--- Information shown Enclosed Below ---

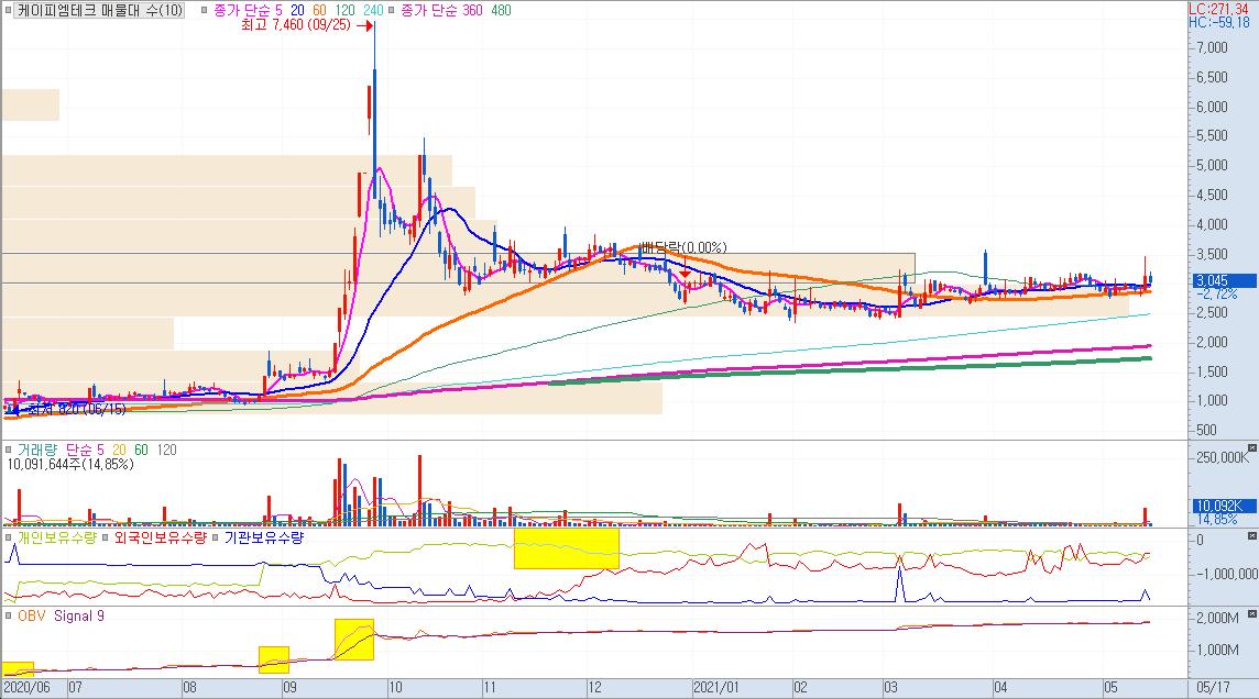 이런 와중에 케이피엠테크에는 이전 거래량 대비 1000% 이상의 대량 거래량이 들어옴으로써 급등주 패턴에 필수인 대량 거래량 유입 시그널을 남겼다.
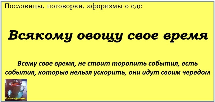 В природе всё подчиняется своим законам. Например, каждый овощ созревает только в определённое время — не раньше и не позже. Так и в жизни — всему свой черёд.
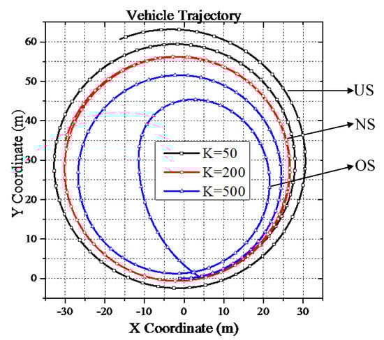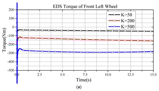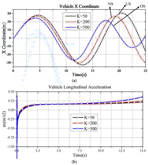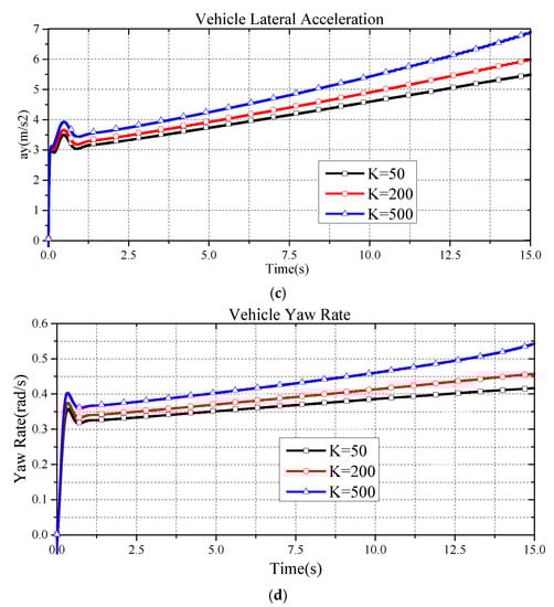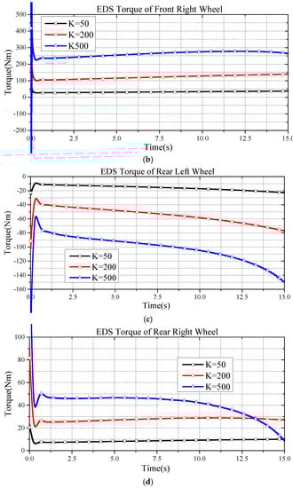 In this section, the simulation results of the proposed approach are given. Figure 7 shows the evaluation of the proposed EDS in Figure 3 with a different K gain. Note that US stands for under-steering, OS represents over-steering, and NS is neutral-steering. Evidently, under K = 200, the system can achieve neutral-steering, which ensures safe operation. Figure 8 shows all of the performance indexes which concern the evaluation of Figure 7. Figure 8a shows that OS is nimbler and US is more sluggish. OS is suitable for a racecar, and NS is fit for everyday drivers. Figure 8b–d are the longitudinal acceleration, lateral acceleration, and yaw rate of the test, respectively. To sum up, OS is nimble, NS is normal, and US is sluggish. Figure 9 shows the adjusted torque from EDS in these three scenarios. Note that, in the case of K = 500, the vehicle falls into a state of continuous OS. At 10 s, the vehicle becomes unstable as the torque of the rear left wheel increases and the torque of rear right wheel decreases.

--- End of Enclosed Information shown ---
--- Information shown Enclosed Below ---

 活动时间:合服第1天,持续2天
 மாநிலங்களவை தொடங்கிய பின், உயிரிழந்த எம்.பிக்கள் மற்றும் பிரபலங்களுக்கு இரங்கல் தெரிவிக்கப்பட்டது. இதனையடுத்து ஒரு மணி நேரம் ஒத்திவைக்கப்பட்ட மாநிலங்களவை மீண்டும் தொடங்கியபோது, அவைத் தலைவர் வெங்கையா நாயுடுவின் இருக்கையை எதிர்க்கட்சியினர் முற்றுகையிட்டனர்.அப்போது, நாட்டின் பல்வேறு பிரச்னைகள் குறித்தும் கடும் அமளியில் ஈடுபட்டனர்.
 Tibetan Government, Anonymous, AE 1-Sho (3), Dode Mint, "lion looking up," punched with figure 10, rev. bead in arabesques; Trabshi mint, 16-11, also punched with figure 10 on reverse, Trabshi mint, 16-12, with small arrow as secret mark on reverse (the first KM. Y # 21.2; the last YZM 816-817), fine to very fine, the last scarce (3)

--- End of Enclosed Information shown ---

## [Task statement]
Transcribe exactly the lines above, beginning at the one with "이런 와중에 케이피엠테크에는" and going up to and including the one with "В природе всё". Pictures do not belong in the copy.

## [Result of the exercise]
 이런 와중에 케이피엠테크에는 이전 거래량 대비 1000% 이상의 대량 거래량이 들어옴으로써 급등주 패턴에 필수인 대량 거래량 유입 시그널을 남겼다.
 В природе всё подчиняется своим законам. Например, каждый овощ созревает только в определённое время — не раньше и не позже. Так и в жизни — всему свой черёд.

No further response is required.